Reputation: 49
I have a dataframe with a column "SampleID" containing a series of sample IDs, all of which end with "_Dup". I want to remove the "_Dup" suffix from all row names in the column.
Here's an example of the df:
df
SampleID Concentration
sample1_Dup 1
sample2_Dup 2
sample3_Dup 3
The result I'm looking for is this:
df
SampleID Concentration
sample 1 1
sample 2 2
sample 3 3
I've searched for solutions to this problem using base R and the tidyverse but haven't been able to find anything on modifying all row names in a column.
Upvotes: 1
Views: 1048
Reputation: 47
I think I would just creat a new variable like this.

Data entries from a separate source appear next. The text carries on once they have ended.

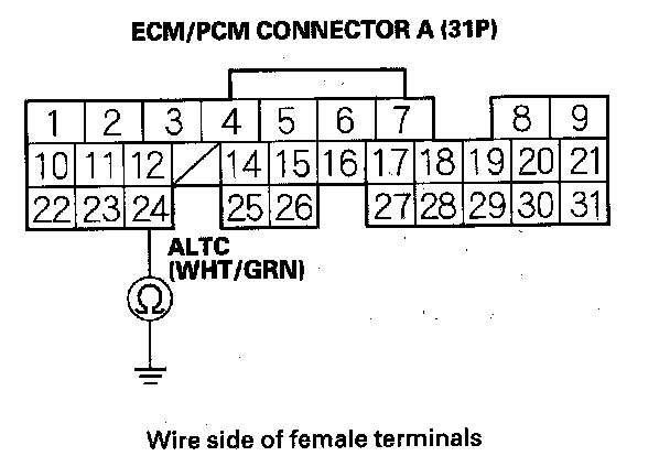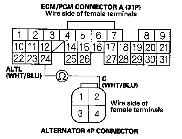 13. Check for continuity between ECM/PCM connector terminal A24 and alternator 4P connector terminal No. 2.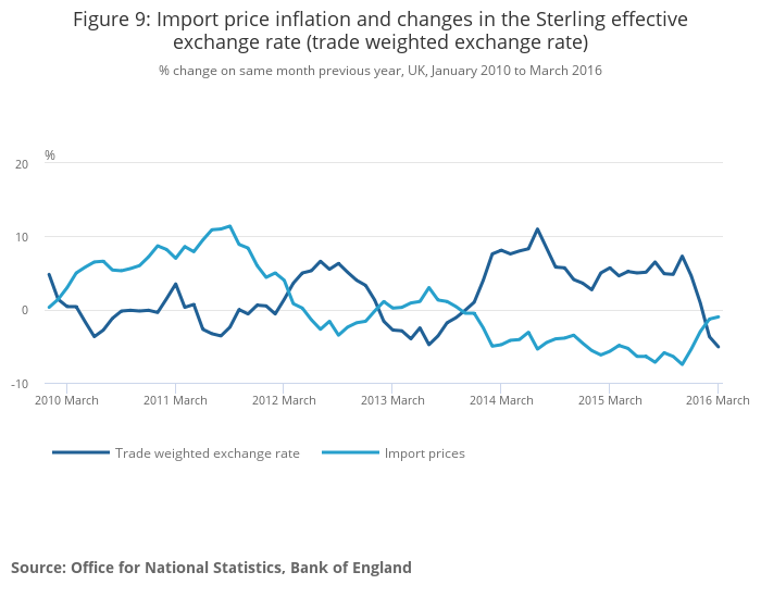Currency movements directly affect both the prices faced by consumers, and the prices paid by businesses for imported goods and raw materials. The Producer Price Index (PPI) – a measure of manufacturing firms’ input and output prices – showed that both input and output price inflation declined during late 2014 and most of 2015, following a period of appreciation between mid-2013 and mid-2014, but have recovered in recent months. However, overall both input and output prices are still falling compared with a year earlier. In March 2016, input price inflation stood at -6.5% and output price inflation at -0.9%. The path of output and input PPI suggests that during recent years input costs have been feeding through to the output prices of manufactured goods, although labour costs are typically a much larger share of manufacturers’ output prices compared to input costs.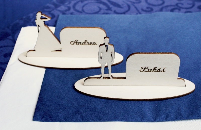 Svadobné menovky s vlastným textom, možno ako vypísať mená hostí, tak napr. len ženích, nevesta, svedok pod.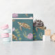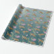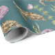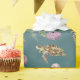 En vattenfärg målad med pappra havssköldpaddor med lila korall och sjögräs mot en djup grönt havsbotten.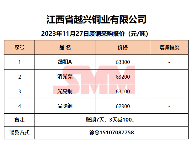 11月27日江西越兴 废铜采购报价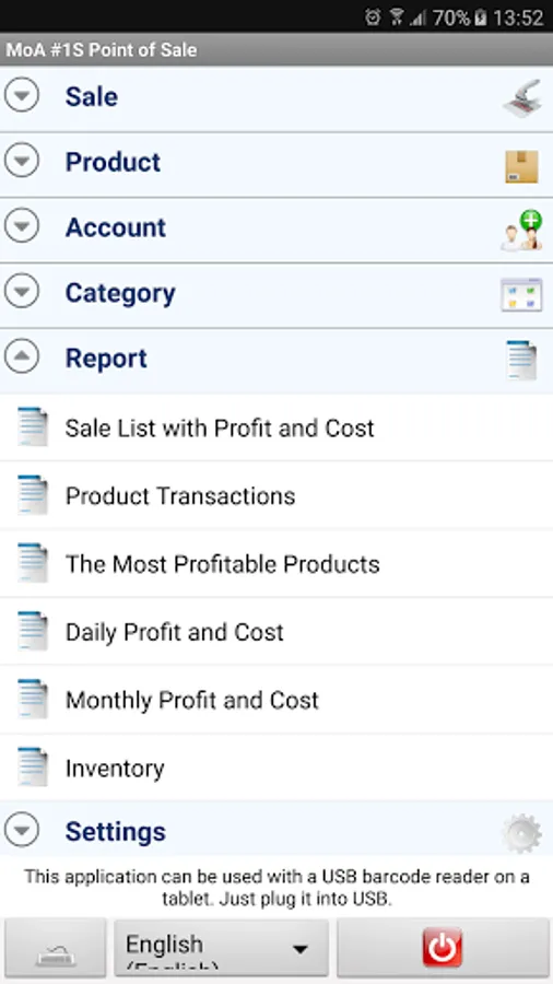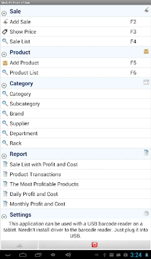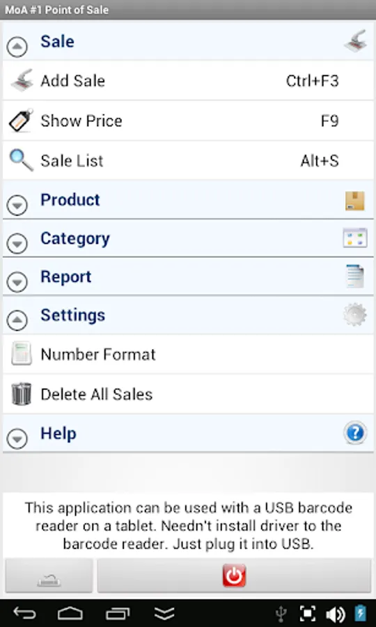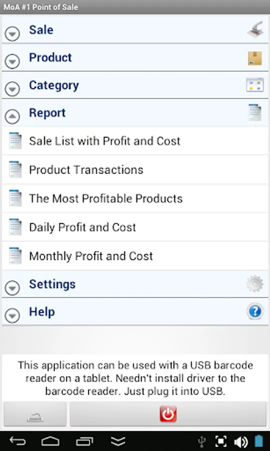 ●This application can be used together with Bluetooth or USB barcode reader on the tablets.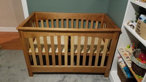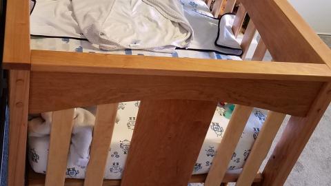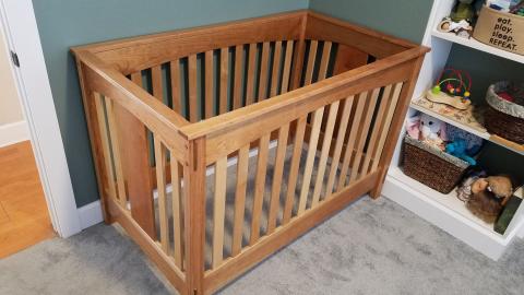 Finally after I found my inspiration, I jumped into SketchUp and modeled out the crib I wanted to make. I wanted traditional joinery, no hex-head bolts and fake tenons for my kid's first bed. Also, it had to be all hardwoods, no particle board or MDF . I decided on a two-tone effect using one wood for the frame and another for the pickets, with some wider panels on the ends so it didn't look 100% like a baby jail. I had to go back and forth with my wife on what those woods would be and convince her that it would look good. We settled on Cherry for the frame and Maple for the pickets.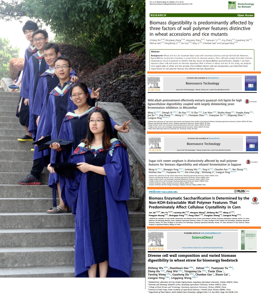 生物质能团队依靠作物遗传改良国家重点实验室和植物科学技术学院平台, 近3年,己在Plant Biotechnol J, BMC Genomics, BMC Plant Bio, Planta, Plant Sci, JIPB, BBRC, Biotechnol Biofuels, Bioresour Technol, Biomass Bioenerg等杂志发表SCI论文16篇,其中10篇由硕士生作为第一作者完成。这些学生一部分作为硕博连读生继续攻读博士学位,一部分毕业后前往德国亚琛工业大学、美国北达科他州立大学、香港大学、香港城市大学、中国农业大学、中南大学等国内外知名高校留学升造或工作,还有一部分在美国辉瑞制药公司、美国先锋种子公司、中国种子集团、大北农科技集团、阳光凯迪新能源集团等国内外知名企业工作。据悉,团队明年初将迎来第1位硕博连读生毕业,该生已在Bioresour Technol 和Plant Biotechnol J ( 5年影响因子为5.913 ) 上以第一作者发表2篇SCI论文,以合作作者发表SCI论文3篇,目前正在准备将第3篇第一作者论文投往影响因子更高SCI期刊。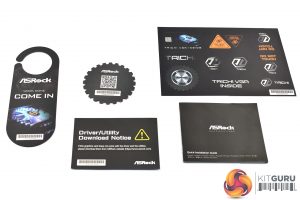 Inside, there are a number of accessories, including: a door hanger, quick start guide, a selection of stickers, a reminder to download the latest drivers, plus a coaster with a QR code on it which takes you to asrock.com.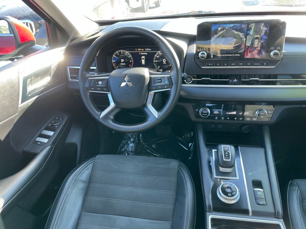 Turn heads in the 2022 Mitsubishi Black Edition — a striking Red exterior wrapped around a sleek Black leather interior with chrome alloy wheels. Built for confidence, it comes standard with AWD, ABS, traction and stability control, comprehensive airbags and anti-theft protection. Comfort and convenience include heated front seats and steering wheel, power-adjustable driver’s seat with lumbar, dual-zone climate with remote start, power sunroof, and keyless entry/start. Backed by Mitsubishi’s strong coverage — 60 months/60K basic, 120 months/100K powertrain and 84 months/100K rust — it’s a stylish, safe and worry-free choice.

df$new_var<-substr(df$SampleID, 1,7)
that should take the first 7 characters of the string and put it in a new column.
Upvotes: 1
Reputation: 4824
A tidyverse-style solution:
df %>%
mutate(SampleID = SampleID %>% str_replace('(.*)([0-9])_Dup$', '\\1 \\2'))
The tidyverse-style string manipulation fuctions are from stringr
, and all begin with names like str_XYZ
. They are capable of using regular expressions. Here, we used "named groups" -- that's the part of the regular expression inside the parenthesis. The first named group (*.)
is everything that comes before any single number. A single number is the second named group (([0-9])
). We put the two parts together with a space between them in the 3rd argument to str_replace
, which is \\1 \\2
.
Upvotes: 0
Reputation: 23
You could split the column into 2, and then remove the unwanted column.
separate(data, col, into, sep = "[^[:alnum:]]+", remove = TRUE,
convert = FALSE, extra = "warn", fill = "warn", ...)
Upvotes: 0
Reputation: 520978
Try using sub
:
df$SampleID <- sub("(\\d+)_[^_]+$", " \\1", df$SampleID)
df$SampleID
[1] "sample 1" "sample 2" "sample 3"
The strategy here is to match and capture the sample number, followed by the final underscore and the rest of the sample ID. Then, we replace with just a space followed by that captured sample number.
Upvotes: 2